___ EXERCISE INPUT

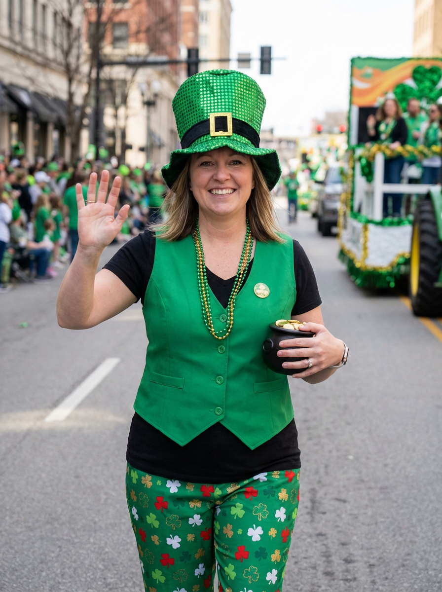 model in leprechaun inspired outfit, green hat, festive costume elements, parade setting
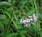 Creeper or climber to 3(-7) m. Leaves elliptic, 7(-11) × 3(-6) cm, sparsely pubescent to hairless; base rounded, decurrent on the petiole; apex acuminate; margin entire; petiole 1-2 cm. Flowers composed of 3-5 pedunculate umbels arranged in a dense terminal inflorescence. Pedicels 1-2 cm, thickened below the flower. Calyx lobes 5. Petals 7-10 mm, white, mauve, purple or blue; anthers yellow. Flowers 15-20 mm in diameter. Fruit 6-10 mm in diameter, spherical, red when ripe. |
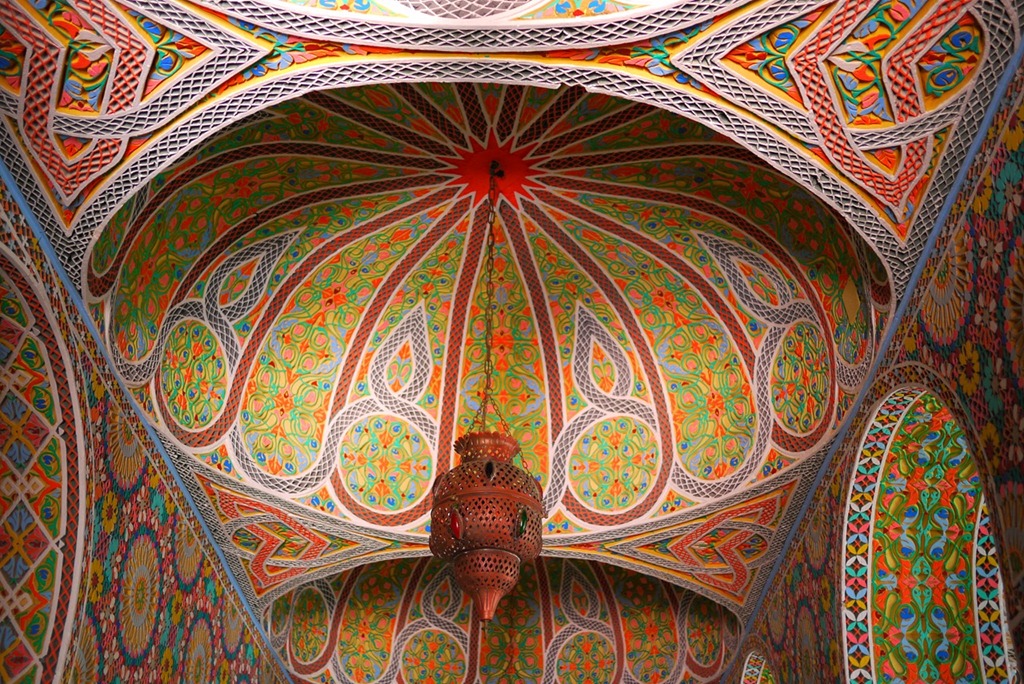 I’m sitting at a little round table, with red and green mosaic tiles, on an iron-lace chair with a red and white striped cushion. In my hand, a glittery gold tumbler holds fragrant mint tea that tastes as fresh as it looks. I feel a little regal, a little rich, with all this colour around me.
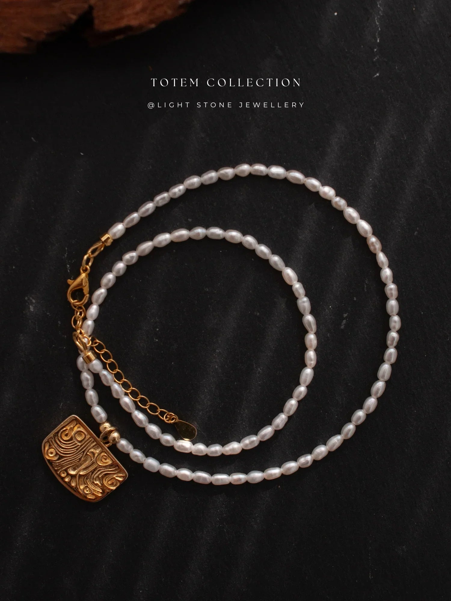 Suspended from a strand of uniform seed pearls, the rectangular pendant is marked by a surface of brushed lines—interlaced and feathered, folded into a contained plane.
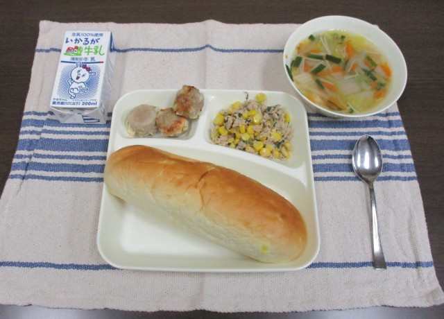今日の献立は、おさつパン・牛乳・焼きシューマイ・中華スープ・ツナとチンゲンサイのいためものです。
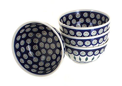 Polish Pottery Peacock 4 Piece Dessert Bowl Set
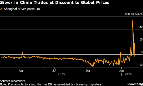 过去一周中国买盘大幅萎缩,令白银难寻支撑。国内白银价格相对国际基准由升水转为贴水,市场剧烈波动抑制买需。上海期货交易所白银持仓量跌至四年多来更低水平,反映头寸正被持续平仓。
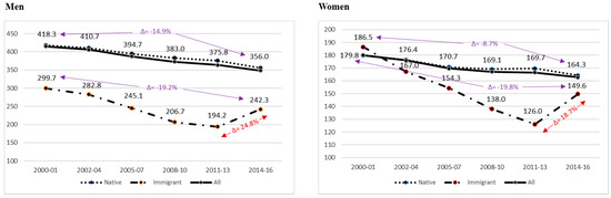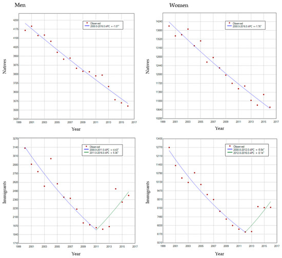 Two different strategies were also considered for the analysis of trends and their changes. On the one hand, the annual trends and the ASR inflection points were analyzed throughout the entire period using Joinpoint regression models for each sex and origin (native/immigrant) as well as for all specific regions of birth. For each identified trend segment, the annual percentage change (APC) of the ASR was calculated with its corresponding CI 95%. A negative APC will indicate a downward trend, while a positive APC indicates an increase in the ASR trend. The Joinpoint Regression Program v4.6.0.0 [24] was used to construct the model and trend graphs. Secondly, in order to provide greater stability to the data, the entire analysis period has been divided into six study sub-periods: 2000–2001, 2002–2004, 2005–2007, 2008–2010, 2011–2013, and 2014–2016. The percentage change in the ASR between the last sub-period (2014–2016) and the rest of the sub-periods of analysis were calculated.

______
___ EXERCISE INPUT

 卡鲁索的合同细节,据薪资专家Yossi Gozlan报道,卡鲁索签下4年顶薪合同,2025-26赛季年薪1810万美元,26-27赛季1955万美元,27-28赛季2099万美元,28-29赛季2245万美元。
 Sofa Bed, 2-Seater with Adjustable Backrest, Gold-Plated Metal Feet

______

**TASK TO COMPLETE:**
Exactly reproduce the lines above, starting at the one that contains "今日の献立は、おさつパン・牛" and ending at the one that contains "过去一周中国买盘大幅萎缩,令", both inclusive; leave the pictures out and add no other lines.

**RESPONSE TO THE TASK:**
今日の献立は、おさつパン・牛乳・焼きシューマイ・中華スープ・ツナとチンゲンサイのいためものです。
 Polish Pottery Peacock 4 Piece Dessert Bowl Set
 过去一周中国买盘大幅萎缩,令白银难寻支撑。国内白银价格相对国际基准由升水转为贴水,市场剧烈波动抑制买需。上海期货交易所白银持仓量跌至四年多来更低水平,反映头寸正被持续平仓。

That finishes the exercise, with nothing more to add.